Work required —
What is needed is a word-for-word copy of the lines below from the one with "Conception botanique céleste" through the one with "- 【High Quality", both included, with every picture left out.

--- Input records ---

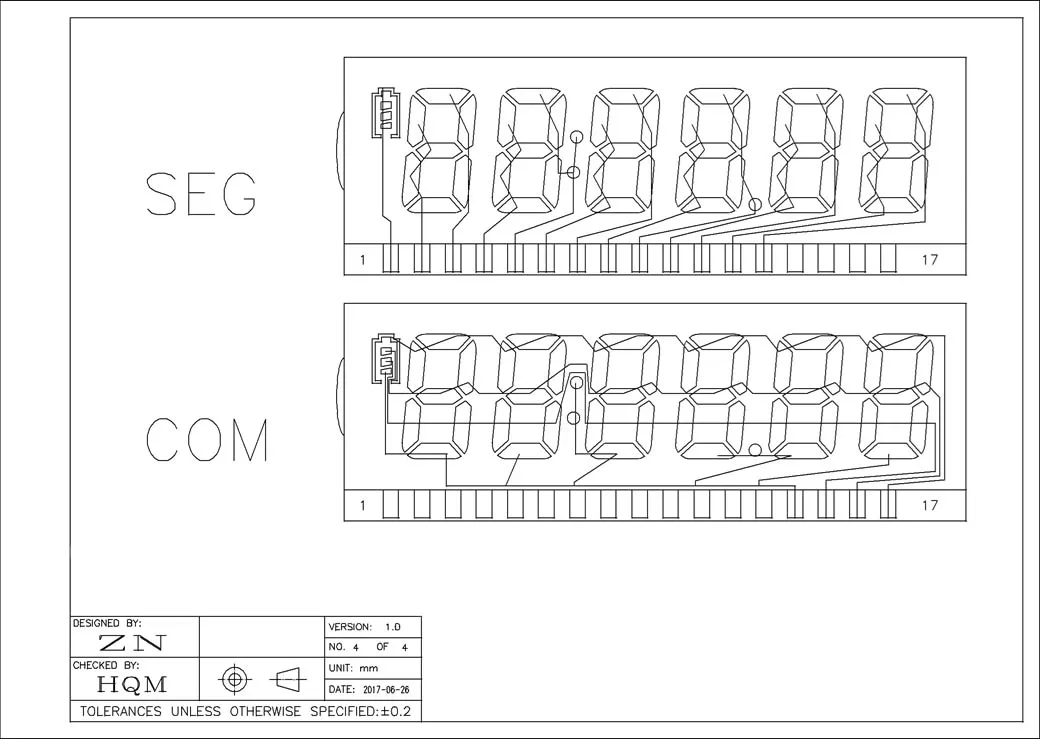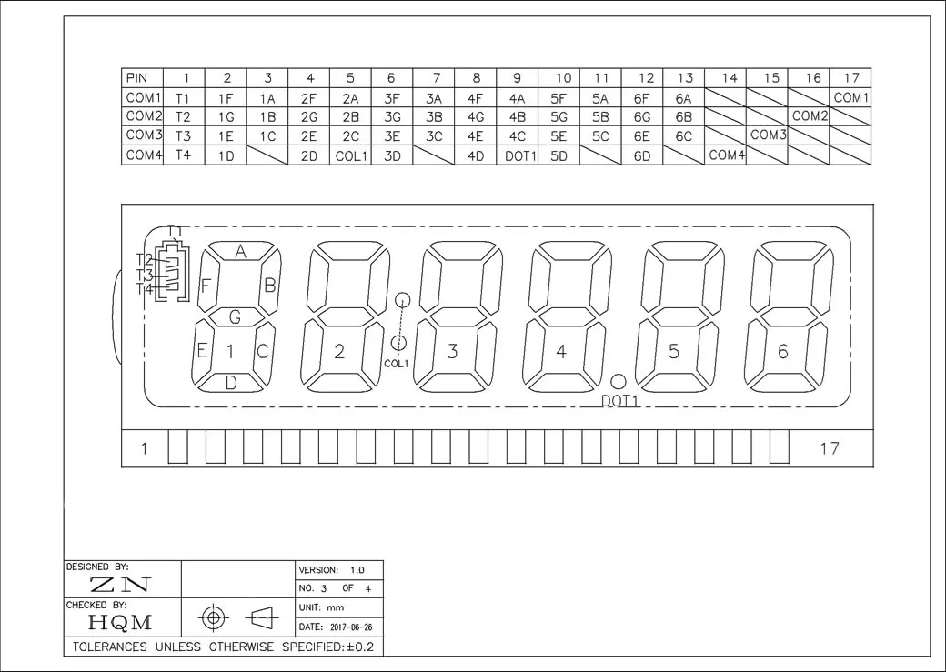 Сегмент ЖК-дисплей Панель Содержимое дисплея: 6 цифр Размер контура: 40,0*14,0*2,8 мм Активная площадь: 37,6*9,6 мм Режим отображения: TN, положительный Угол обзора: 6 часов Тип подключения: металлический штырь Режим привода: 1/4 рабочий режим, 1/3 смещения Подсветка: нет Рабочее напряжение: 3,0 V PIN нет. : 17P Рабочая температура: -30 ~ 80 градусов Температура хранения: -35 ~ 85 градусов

---
--- Input records ---

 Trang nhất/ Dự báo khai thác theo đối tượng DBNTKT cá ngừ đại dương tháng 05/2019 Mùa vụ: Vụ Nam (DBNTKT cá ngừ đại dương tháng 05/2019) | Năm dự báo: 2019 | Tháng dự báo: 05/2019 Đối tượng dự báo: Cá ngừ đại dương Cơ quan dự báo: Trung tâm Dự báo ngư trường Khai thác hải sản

---
--- Input records ---

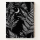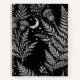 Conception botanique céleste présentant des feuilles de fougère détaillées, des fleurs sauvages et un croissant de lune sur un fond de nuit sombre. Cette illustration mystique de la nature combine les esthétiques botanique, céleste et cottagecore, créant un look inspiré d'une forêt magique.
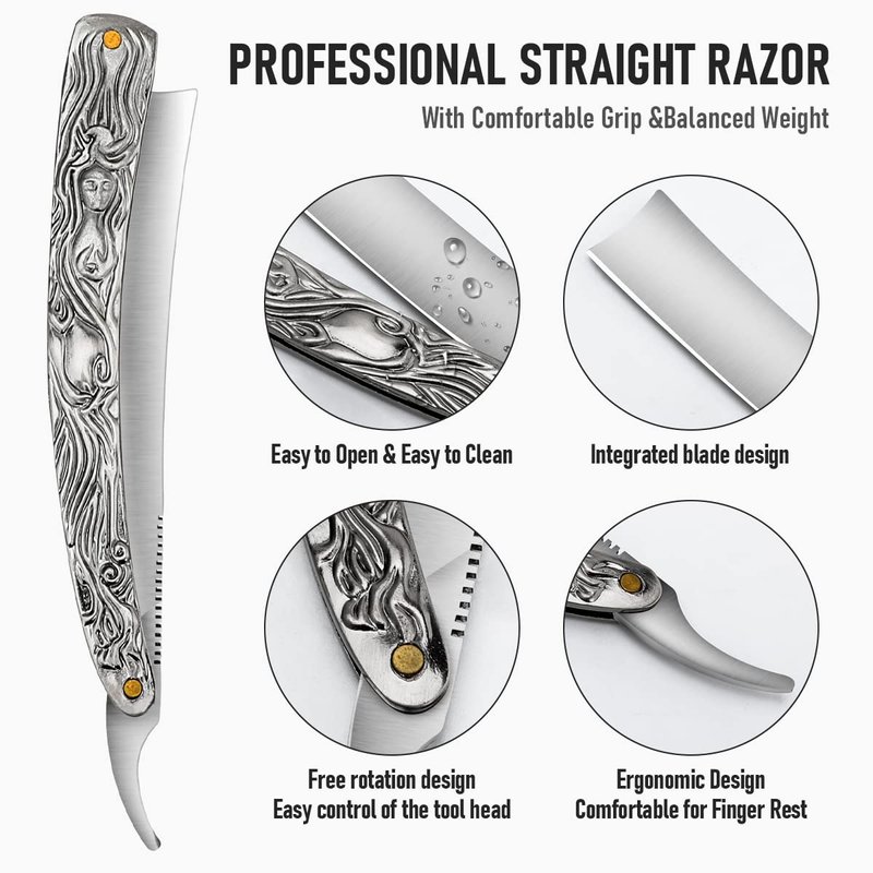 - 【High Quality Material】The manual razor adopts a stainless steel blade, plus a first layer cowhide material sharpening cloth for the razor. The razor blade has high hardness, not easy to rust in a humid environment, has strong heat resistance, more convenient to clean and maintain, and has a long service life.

---

Response —
 Conception botanique céleste présentant des feuilles de fougère détaillées, des fleurs sauvages et un croissant de lune sur un fond de nuit sombre. Cette illustration mystique de la nature combine les esthétiques botanique, céleste et cottagecore, créant un look inspiré d'une forêt magique.
 - 【High Quality Material】The manual razor adopts a stainless steel blade, plus a first layer cowhide material sharpening cloth for the razor. The razor blade has high hardness, not easy to rust in a humid environment, has strong heat resistance, more convenient to clean and maintain, and has a long service life.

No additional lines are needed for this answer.